Record excerpts:
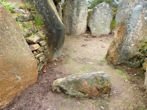 La plus grande partie des objets (vases, haches, lames, pendeloques…) on été retrouvées dans la partie orientale de la chambre ou dans le « coffre » situé entre la pierre de seuil et "la porte" d’entrée dans la chambre funéraire.
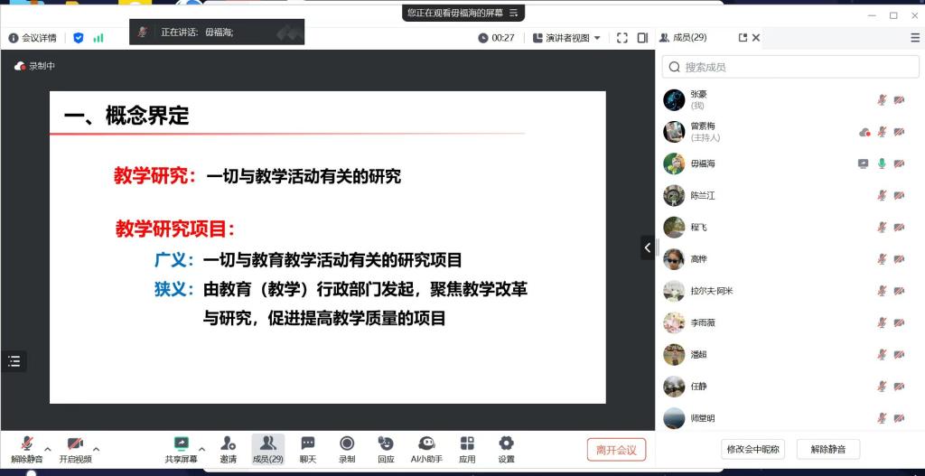 为了推动高等教育教学改革,提升项目申报质量,投资学专业于2024年9月7日举办以“高等教育教学改革项目申报”为主题的专题讲座,投资学专业全体专任教师参加。本次讲座旨在通过线上平台,汇聚教育领域的专家智慧,为广大教师提供及时、精准的申报指导,助力高等教育事业的蓬勃发展。
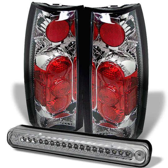 AKKON - For 88-98 C/K Series Sierra Silverado Tahoe Suburban Blazer Chrome Housing Tail Brake Lights + 3rd Brake light
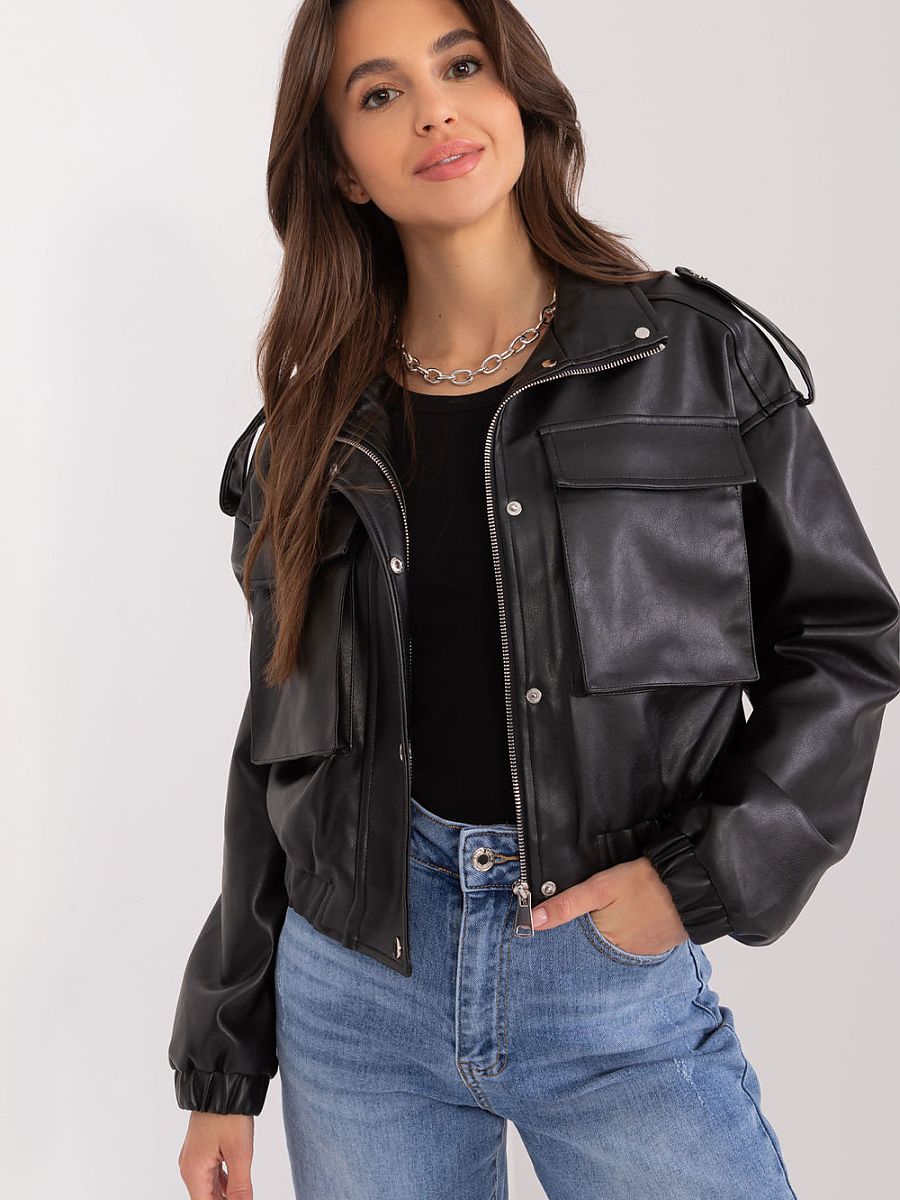 Damska kurtka przejściowa z ekoskóry to doskonałe połączenie stylu i funkcjonalności. Wykonana z wysokiej jakości materiałów, takich jak poliuretan, bawełna, wiskoza i poliester, zapewnia wygodę oraz trwałość. Jej casualowy charakter i gładki wzór sprawiają, że świetnie komponuje się z codziennymi stylizacjami. Krótki fason podkreśla sylwetkę, a długi rękaw zapewnia komfort noszenia w chłodniejsze dni. Kurtka zapinana jest na zamek kryty listwą na zatrzaski, co dodaje jej eleganckiego wykończenia. Praktyczne, duże naszyte kieszenie z patkami podkreślają modny, użytkowy styl, a pagony na ramionach nadają całości charakteru. Model posiada podszewkę, dzięki czemu jest idealnym wyborem na przejściowe pory roku.
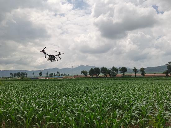 團中央靈丘工作隊支持當?shù)剞r(nóng)業(yè)領域開展植保無人機作業(yè)。

Exercise directions: Could you restate the material word for word, skipping any pictures it holds?

Task answer:
 La plus grande partie des objets (vases, haches, lames, pendeloques…) on été retrouvées dans la partie orientale de la chambre ou dans le « coffre » situé entre la pierre de seuil et "la porte" d’entrée dans la chambre funéraire.
 为了推动高等教育教学改革,提升项目申报质量,投资学专业于2024年9月7日举办以“高等教育教学改革项目申报”为主题的专题讲座,投资学专业全体专任教师参加。本次讲座旨在通过线上平台,汇聚教育领域的专家智慧,为广大教师提供及时、精准的申报指导,助力高等教育事业的蓬勃发展。
 AKKON - For 88-98 C/K Series Sierra Silverado Tahoe Suburban Blazer Chrome Housing Tail Brake Lights + 3rd Brake light
 Damska kurtka przejściowa z ekoskóry to doskonałe połączenie stylu i funkcjonalności. Wykonana z wysokiej jakości materiałów, takich jak poliuretan, bawełna, wiskoza i poliester, zapewnia wygodę oraz trwałość. Jej casualowy charakter i gładki wzór sprawiają, że świetnie komponuje się z codziennymi stylizacjami. Krótki fason podkreśla sylwetkę, a długi rękaw zapewnia komfort noszenia w chłodniejsze dni. Kurtka zapinana jest na zamek kryty listwą na zatrzaski, co dodaje jej eleganckiego wykończenia. Praktyczne, duże naszyte kieszenie z patkami podkreślają modny, użytkowy styl, a pagony na ramionach nadają całości charakteru. Model posiada podszewkę, dzięki czemu jest idealnym wyborem na przejściowe pory roku.
 團中央靈丘工作隊支持當?shù)剞r(nóng)業(yè)領域開展植保無人機作業(yè)。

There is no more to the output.